Exercise data: Begin

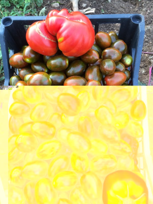 ho fatto una bella raccolta di pomodori e ho raccolto anche parecchi datterini zebrati vaaaachebelliiii....tra la'ltro all'interno sono neri!! belli dolci
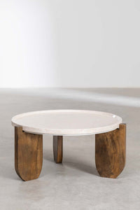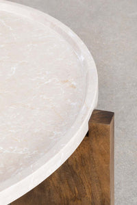 Kavos staliukas XTERUEA iš marmuro ir mango medienos – avangardiškas, elegantiškas akcentas. Blizgus marmuro stalviršis dera su tvirtomis mango medžio kojomis; puikiai tinka prie sofos ar fotelio.
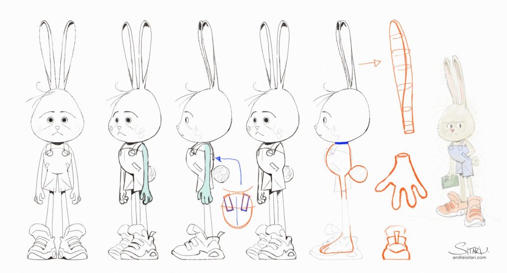 For consistency across each step of the process, the team will design key elements of the project, like characters, props, and backgrounds. They’ll also create color palettes and scene compositions for the production team to reference.

Exercise data: End

--- Your assignment ---
Reproduce the whole listing above word for word, but not its pictures.

--- Answer for this exercise ---
 ho fatto una bella raccolta di pomodori e ho raccolto anche parecchi datterini zebrati vaaaachebelliiii....tra la'ltro all'interno sono neri!! belli dolci
 Kavos staliukas XTERUEA iš marmuro ir mango medienos – avangardiškas, elegantiškas akcentas. Blizgus marmuro stalviršis dera su tvirtomis mango medžio kojomis; puikiai tinka prie sofos ar fotelio.
 For consistency across each step of the process, the team will design key elements of the project, like characters, props, and backgrounds. They’ll also create color palettes and scene compositions for the production team to reference.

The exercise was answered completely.